- **Information shown**
★ ★ ★ ★
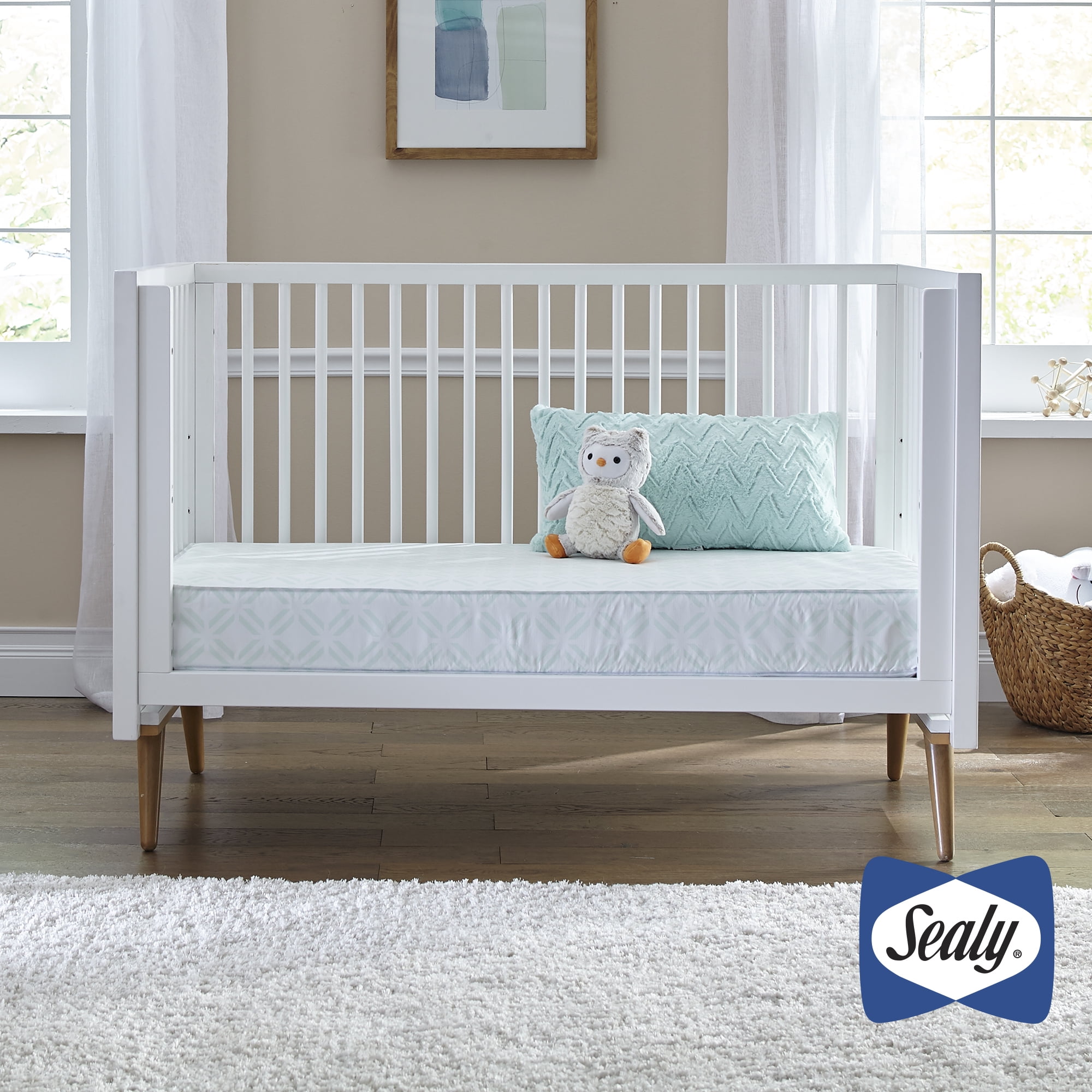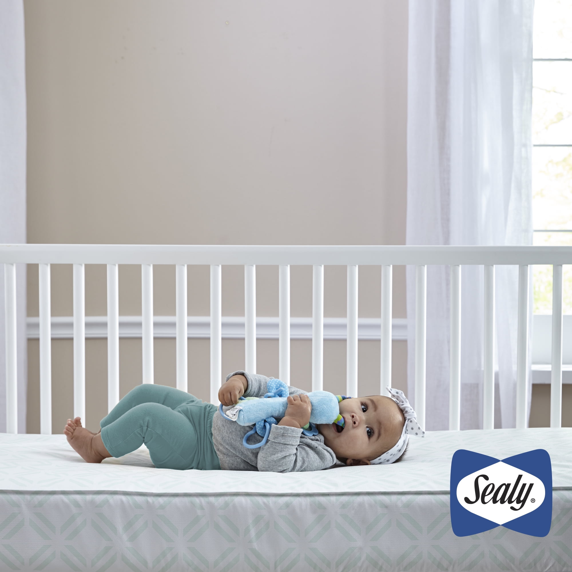Safety and quality tested for chemicals, crib fit, firmness, durability and over a hundred tests 2-in-1 grow-with-me design with 2-stage of firmness, a firmer infant side and a softer toddler side Airy layer of foam flexes under a growing childs body weight Premium firm crib mattress with a high coil count of 204 durable steel coils tested for firmness Steel edges keep the sides supported just like an adult mattress Exclusive EverEdge corner and side protection Firm yet comfortable hypoallergenic cushioning all around for newborns, infant and toddler safety, support and comfort Waterproof reinforced cover and binding resist liquids and stains and wipes clean with soap and water Airflow pocket helps the mattress breathe 20-year warranty on workmanship and materials Fits all U.S. standard size cribs and toddler bed frames GREENGUARD Gold Certified for a healthier sleeping environment Meets or exceeds all flammability and lead testing and does not contain flame retardants IMPORTANT – CHECK THE SELLER PRIOR TO MAKING YOUR PURCHASE. Sealy cannot guarantee the quality or authenticity of Sealy products from unauthorized sellers on . To ensure the very highest safety and quality for you and your family, only buy from listings that are “Sold and Shipped by .” The Sealy warranty does not cover products purchased from unauthorized sellers.
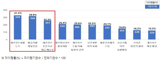 반면, 기관 및 기관장의 개인정보 보호수준 제고를 위한 노력도와 관리・감독의 적정성에 대한 7개 정성지표로 이루어진 전문가 심층진단에서는 7개 지표 모두 전반적으로 점수가 낮게 나타났다. 특히 미흡한 지표는 △개인정보 안전조치의 적절성 및 개선노력(2.32점/6점), △개인정보 보호‧관리의 적절성 및 유출‧침해 대응계획(2.54점/6점) 등으로 나타났다.
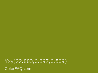 Yxy 22.883,0.397,0.509 Color is a normal yellow color and the nearest color is Trendy Green #7c881a. Hex code #7d8b16 and RGB value is rgb(125,139,22). In RGB color space, this color is composed of 49% red, 55% green, 9% blue, In CMYK color space, this color is composed of 10% cyan, 0% magenta, 84% yellow , 45% black , In HSL color space, this color has a hue angle of 67° , 73% saturation and 32% lightness.
★ ★ ★ ★
- **What you are asked to do**
Each line above should be written out again exactly, without any image.

- **Response below**
Safety and quality tested for chemicals, crib fit, firmness, durability and over a hundred tests 2-in-1 grow-with-me design with 2-stage of firmness, a firmer infant side and a softer toddler side Airy layer of foam flexes under a growing childs body weight Premium firm crib mattress with a high coil count of 204 durable steel coils tested for firmness Steel edges keep the sides supported just like an adult mattress Exclusive EverEdge corner and side protection Firm yet comfortable hypoallergenic cushioning all around for newborns, infant and toddler safety, support and comfort Waterproof reinforced cover and binding resist liquids and stains and wipes clean with soap and water Airflow pocket helps the mattress breathe 20-year warranty on workmanship and materials Fits all U.S. standard size cribs and toddler bed frames GREENGUARD Gold Certified for a healthier sleeping environment Meets or exceeds all flammability and lead testing and does not contain flame retardants IMPORTANT – CHECK THE SELLER PRIOR TO MAKING YOUR PURCHASE. Sealy cannot guarantee the quality or authenticity of Sealy products from unauthorized sellers on . To ensure the very highest safety and quality for you and your family, only buy from listings that are “Sold and Shipped by .” The Sealy warranty does not cover products purchased from unauthorized sellers.
 반면, 기관 및 기관장의 개인정보 보호수준 제고를 위한 노력도와 관리・감독의 적정성에 대한 7개 정성지표로 이루어진 전문가 심층진단에서는 7개 지표 모두 전반적으로 점수가 낮게 나타났다. 특히 미흡한 지표는 △개인정보 안전조치의 적절성 및 개선노력(2.32점/6점), △개인정보 보호‧관리의 적절성 및 유출‧침해 대응계획(2.54점/6점) 등으로 나타났다.
 Yxy 22.883,0.397,0.509 Color is a normal yellow color and the nearest color is Trendy Green #7c881a. Hex code #7d8b16 and RGB value is rgb(125,139,22). In RGB color space, this color is composed of 49% red, 55% green, 9% blue, In CMYK color space, this color is composed of 10% cyan, 0% magenta, 84% yellow , 45% black , In HSL color space, this color has a hue angle of 67° , 73% saturation and 32% lightness.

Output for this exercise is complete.